Не то, что с Хомяковым, даже с Герценом, Толстой ни в какое сравнение не мог идти. Но Герцен жил за границей и поэтому с ним общался ограниченный контингент, и Лев Толстой вспоминает, как ему было трудно вступить в диалог с Герценом.
Поэтому Толстой окружается себя лизоблюдами, которые ловят и записывают все его слова. Толстой претерпел страшное наказание от Господа на смертном одре: пытался привычным жестом пишущей руки что-то изобразить на одеяле, но ничего записать уже был не в силах, но требует в полубреду, чтобы ему прочли то бессмертное, что он записал. И ему читают Конфуция, что-то из Канта, но, конечно, не Евангелие. Толстой успокоился, так как поверил, что – это его, то есть у него был отнят разум.
Можно сказать, что какова бы ни была загробная участь Толстого, но он был наказан ещё при жизни.
Толстой в юности (в 15 лет) как бы посвящает себя предтече антихриста.

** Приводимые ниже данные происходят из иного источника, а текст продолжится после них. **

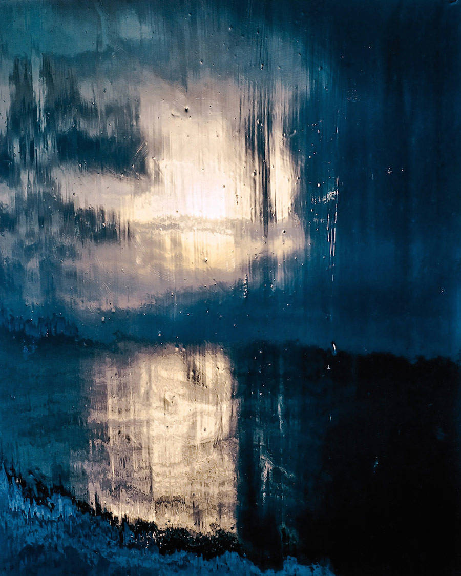 Jorma Puranen’s series, Icy Prospects, was inspired by the ways the great explorers as well as today’s tourists to the North Pole are fascinated by the arctic landscape. Puranen painted a board with black, high-gloss acrylic and then took long exposures of the icy landscapes mirrored in this wooden surface. The results are extremely painterly, highly aesthetic, fragmented impressions of nature in which the ground, the brushstroke, and the reflection are inseparably superimposed. In this way, the photographer creates a relationship between the philosophical concept of the “sublime terror” of the forces of nature and his own experience of life in these regions, typifying the north as a projection surface for fantasies and the imagination..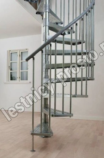 Металлическая винтовая лестница с металлическим поручнем и площадкой. Лестница монтируется как по часовой стрелке, так и против нее. Предназначена для использования внутри помещения или снаружи. На ступенях противоскользящие насечки. Лестница изготовлена из оцинкованной стали.

Он не просто разуверился, так как в качестве такого учителя жизни избирает Жан Жака Руссо и вешает его портрет на шею вместо нательного креста, то есть вместо Христа[110].
Антихрист – это не тот, кто против Христа, это тот, кто вместо Христа подставляет себя.
В письме Софье Андреевне Толстой первенствующего члена Синода митрополита Антония (Вадковского) было прямо сказано, что если Лев Николаевич не покается и не присоединится к Церкви, то отпевать его нельзя. Сам Толстой запретил какие-то ни было совершать над ним религиозные обряды, а велел просто зарыть своё тело, как не нужную и вонючую вещь, чтобы она не мешала живым.
В своём завещании Толстой писал: “Повторяю, при этом случае то, что похоронить меня прошу также без, так называемого, богослужения, а зарыть тело в землю, чтобы оно не воняло”. Так именно было записано в его дневнике и было сообщено самой главной толстовке Александре Андреевне. Все дневники Толстого предполагалось обнародовать, так как тайных дневников он не вёл.
После окончания Крымской войны, в 1855 году Толстой вернулся в среднюю Россию и вскоре вышел в отставку. У него появилось много свободного времени. Лев Толстой в это время начинает размышлять, и думает о том, что его посетила, как он сам пишет, - “великая, громадная мысль, осуществлению которой я чувствую себя способным посвятить жизнь” (март 1855 года).
Мысль эта – основание новой религии, соответствующей развитию человечества. То есть, христианская Православная вера – это для невежд и для дураков. “Религия Христа, но очищенной от веры и таинственности”.